# Freightliner Fuel Truck Problems



## Hokelund Farm (Feb 4, 2014)

Our bulk fuel truck is at the shop and having issues. It's a 2014 model with 44,000 miles, just out of warranty. Apparently the EGR pump is having issues and the turbo went out.

I'm the new manager at a Coop so I don't drive the truck, but apparently when it was brand new the check engine light came on, took it to the dealership, got it fixed, then it came back on on the way back from the dealership. They said not to worry about it, so apparently it's been on ever since. Sounds pretty stupid to me.

We are looking at close to a $10,000 repair bill and we don't even know for sure if they have found whats wrong yet.

One day the driver said it all of a sudden wouldn't go more than 5 mph.

Our drive is very good about keeping up maintenance.

Like I said I'm new to the Coop so I don't know the full history, but it sounds like something that dealer should stand behind?
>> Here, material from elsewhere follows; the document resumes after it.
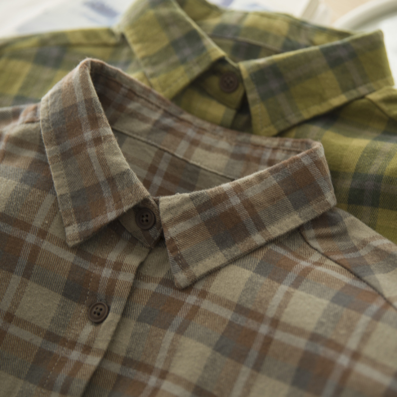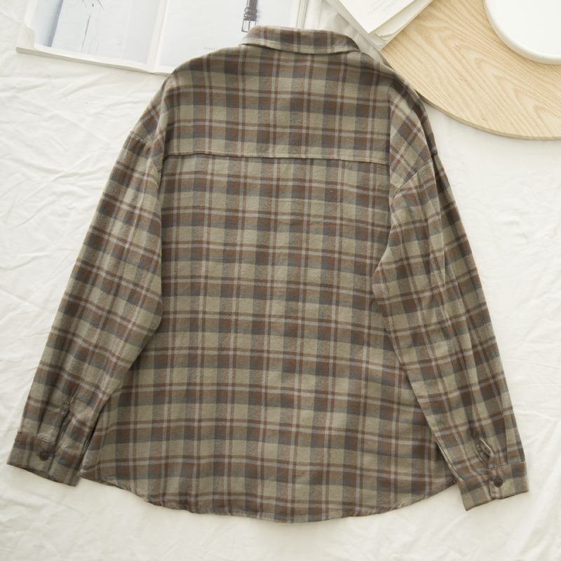 格子衬衫 宽松文艺纯棉长袖 女打底衬衣外套潮学生 秋冬新韩版 微澜

Any thoughts or suggestions?


----------



## mlappin (Jun 25, 2009)

If you find some proof that they said to ignore the check engine light that would go a long ways towards getting them to eat the cost.


----------



## 8350HiTech (Jul 26, 2013)

If you're going to ignore a CE light for one reason, the problem becomes the possibility of something else going wrong and you blissfully expecting the reason the light is on is stricktly the original reason. So until you find out whether the current problem is the same as the original problem, it's hard to say who should be blamed.


----------



## r82230 (Mar 1, 2016)

I'm glad I am not in your shoes, pull up a chair there might be a little finger pointing going on. Hopefully, you can find some (or a lot) documentation to help your position (as mlappin mentioned). A small thing the dealer should/would eat, but $10K, IDK.

Larry


----------



## Farmerbrown2 (Sep 25, 2018)

Where I work there are 6 2013-14 IH single axle dumps one is usually at IH getting fixed one spare at yard sometimes they can't keep 4 running all have less then 36000 miles . These newer motors suck they go into low power mode ,won't start ,misfire , computer problems, camshafts, you name it they justed wanted to replace a motor over some computer problem. I've been there for 3years now I run an older Hino that other than a relay in the battery box has not been a problem. I hear your pain.


----------



## somedevildawg (Jun 20, 2011)

Hokelund Farm said:


> Our bulk fuel truck is at the shop and having issues. It's a 2014 model with 44,000 miles, just out of warranty. Apparently the EGR pump is having issues and the turbo went out.
> I'm the new manager at a Coop so I don't drive the truck, but apparently when it was brand new the check engine light came on, took it to the dealership, got it fixed, then it came back on on the way back from the dealership. They said not to worry about it, so apparently it's been on ever since. Sounds pretty stupid to me.
> We are looking at close to a $10,000 repair bill and we don't even know for sure if they have found whats wrong yet.
> One day the driver said it all of a sudden wouldn't go more than 5 mph.
> ...


That's crazy....and we wonder what the REAL costs are of tier implementations. 
Pays to be green.....I bet it's got that "certified clean idle" decal with the cool hologram too....bunch of crap.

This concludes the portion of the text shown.